=== AIM OF THE TASK ===
Starting with the line that has "關(guān)于印發(fā)" and finishing with the line that has "Δημοφιλέστερη επιλογή στην", set down each line below exactly. Pictures are not copied.

=== DATA UNDER STUDY ===
========
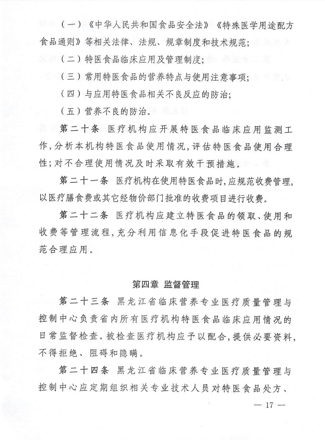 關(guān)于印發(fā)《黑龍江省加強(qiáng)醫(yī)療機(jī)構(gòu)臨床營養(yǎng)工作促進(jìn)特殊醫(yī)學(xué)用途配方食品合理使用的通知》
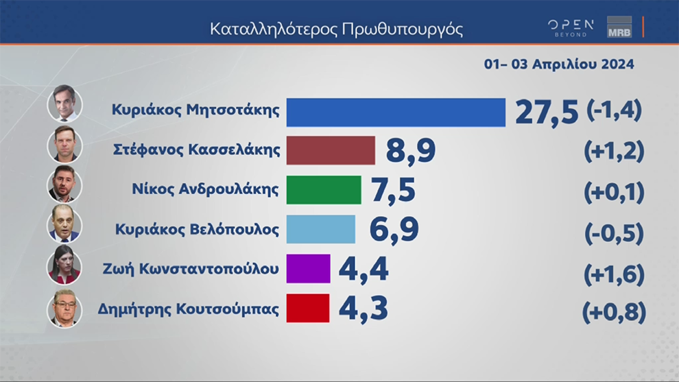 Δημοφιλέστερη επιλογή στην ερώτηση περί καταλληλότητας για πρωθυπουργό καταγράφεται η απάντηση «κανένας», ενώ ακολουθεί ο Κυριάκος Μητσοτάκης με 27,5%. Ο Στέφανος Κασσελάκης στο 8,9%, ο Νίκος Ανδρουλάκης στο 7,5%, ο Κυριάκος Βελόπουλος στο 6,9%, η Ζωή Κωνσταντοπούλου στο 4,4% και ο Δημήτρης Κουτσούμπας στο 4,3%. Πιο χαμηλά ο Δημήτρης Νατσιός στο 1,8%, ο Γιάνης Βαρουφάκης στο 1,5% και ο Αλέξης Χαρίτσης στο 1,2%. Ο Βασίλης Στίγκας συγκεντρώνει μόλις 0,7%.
========
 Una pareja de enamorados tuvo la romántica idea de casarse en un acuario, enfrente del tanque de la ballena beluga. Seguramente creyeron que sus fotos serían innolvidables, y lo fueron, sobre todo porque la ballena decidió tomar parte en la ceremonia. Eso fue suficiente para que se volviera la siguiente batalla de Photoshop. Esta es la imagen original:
========
=== SOLUTION FOR THIS EXERCISE ===
 關(guān)于印發(fā)《黑龍江省加強(qiáng)醫(yī)療機(jī)構(gòu)臨床營養(yǎng)工作促進(jìn)特殊醫(yī)學(xué)用途配方食品合理使用的通知》
 Δημοφιλέστερη επιλογή στην ερώτηση περί καταλληλότητας για πρωθυπουργό καταγράφεται η απάντηση «κανένας», ενώ ακολουθεί ο Κυριάκος Μητσοτάκης με 27,5%. Ο Στέφανος Κασσελάκης στο 8,9%, ο Νίκος Ανδρουλάκης στο 7,5%, ο Κυριάκος Βελόπουλος στο 6,9%, η Ζωή Κωνσταντοπούλου στο 4,4% και ο Δημήτρης Κουτσούμπας στο 4,3%. Πιο χαμηλά ο Δημήτρης Νατσιός στο 1,8%, ο Γιάνης Βαρουφάκης στο 1,5% και ο Αλέξης Χαρίτσης στο 1,2%. Ο Βασίλης Στίγκας συγκεντρώνει μόλις 0,7%.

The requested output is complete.